■ Exercise: Only the pictures are to be dropped, and the rest of the data should be copied exactly.

■ Provided data:
= = = =

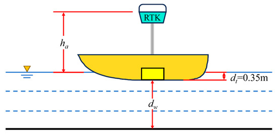 The unmanned vessel is equipped with RTK and a depth sounder. It uses RTK to obtain position information and the depth sounder to obtain water depth information. The following formula is used:
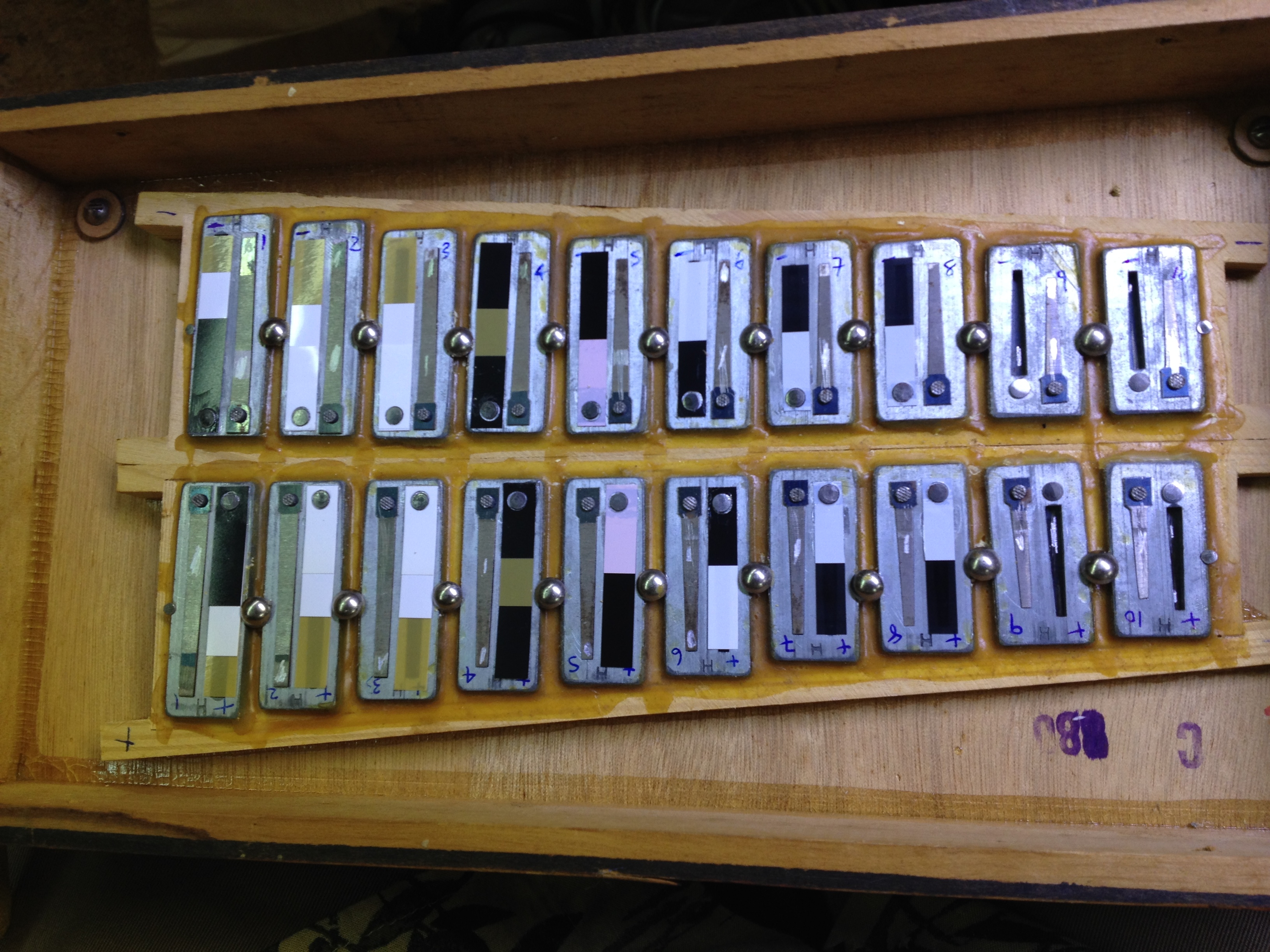 The original leather one way valves on the large bass reedplates and some of the treble reedplates were all removed and replaced with modern plastic one way valves for long trouble free life. The chord reed leathers and some of the treble are working fine and were left alone. Final tuning occurs in situ with the reedblocks attached to the case. New bellows gaskets were also fitted.
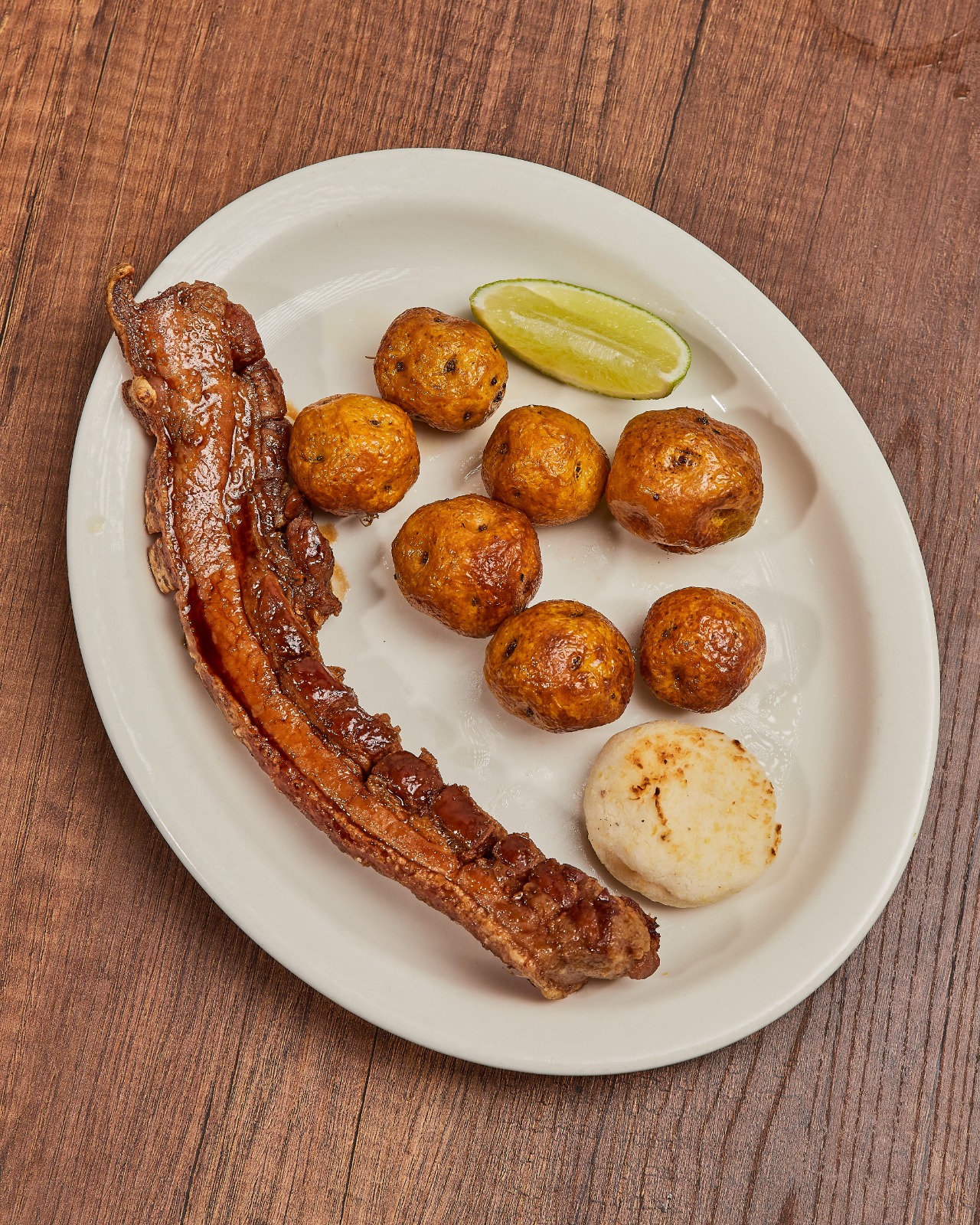 Chicharrón crocante y jugoso con arepas. Sencillo, casero y delicioso.

= = = =

■ Solved problem:
 The unmanned vessel is equipped with RTK and a depth sounder. It uses RTK to obtain position information and the depth sounder to obtain water depth information. The following formula is used:
 The original leather one way valves on the large bass reedplates and some of the treble reedplates were all removed and replaced with modern plastic one way valves for long trouble free life. The chord reed leathers and some of the treble are working fine and were left alone. Final tuning occurs in situ with the reedblocks attached to the case. New bellows gaskets were also fitted.
 Chicharrón crocante y jugoso con arepas. Sencillo, casero y delicioso.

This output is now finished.